Data below:
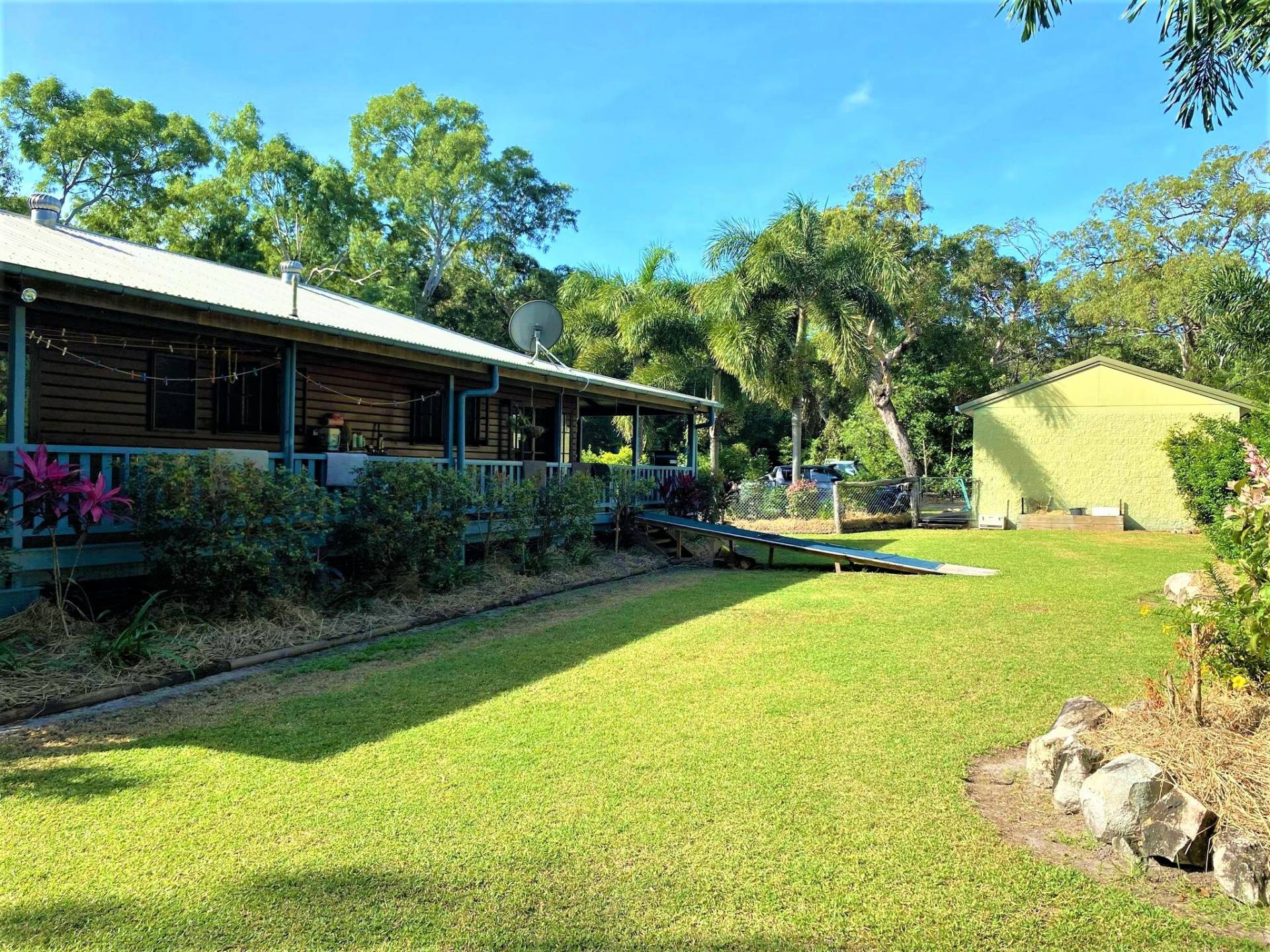 Country style family home, built for tropical living with french doors and windows, polished timber floors, wrap-around timber veranda with a fenced off house yard, 2 bay block shed with a lockable room, and a seasonal creek that runs through the property.
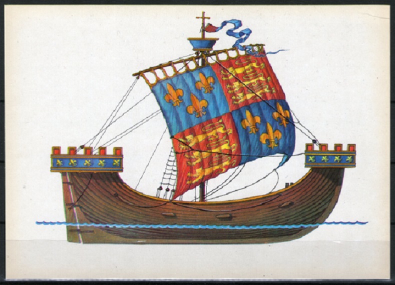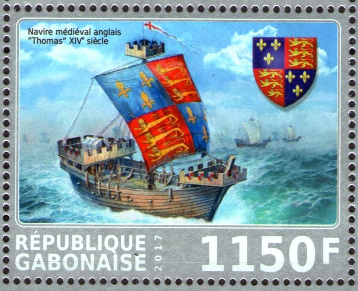 On the stamp-ship "Thomas", I did not find such a ship, but on the construction and sail I assumed that it belongs to the time of Richard III.
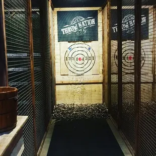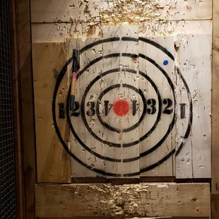 Came here at 2pm on a Sunday. No one else was there so we had the place to ourselves. It kind of took away from the ambiance but we had a good time. There was one person working who was super nice and got our drinks and checked in on us but otherwise left us to play. I wasn't a huge fan of their board or the closeness of the targets but we adjusted and had fun playing. You only get to throw the hatchet here unfortunately so no other fun things to play around with. We kept score with their laminated scoreboard.
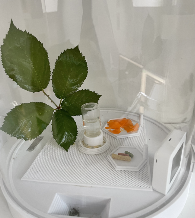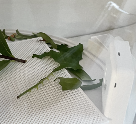 Aktuell geht es den MĂ€dels sehr gut. Sie haben nun angefangen auch das "alte" Brombeerblatt welches vom HĂ€ndler mit kam und im Nest als Dach genutzt wurde zu zerschneiden. Jetzt kann man gut die

Your task: Print all the lines above exactly as they are, but without the pictures.

Answer to this task:
 Country style family home, built for tropical living with french doors and windows, polished timber floors, wrap-around timber veranda with a fenced off house yard, 2 bay block shed with a lockable room, and a seasonal creek that runs through the property.
 On the stamp-ship "Thomas", I did not find such a ship, but on the construction and sail I assumed that it belongs to the time of Richard III.
 Came here at 2pm on a Sunday. No one else was there so we had the place to ourselves. It kind of took away from the ambiance but we had a good time. There was one person working who was super nice and got our drinks and checked in on us but otherwise left us to play. I wasn't a huge fan of their board or the closeness of the targets but we adjusted and had fun playing. You only get to throw the hatchet here unfortunately so no other fun things to play around with. We kept score with their laminated scoreboard.
 Aktuell geht es den MĂ€dels sehr gut. Sie haben nun angefangen auch das "alte" Brombeerblatt welches vom HĂ€ndler mit kam und im Nest als Dach genutzt wurde zu zerschneiden. Jetzt kann man gut die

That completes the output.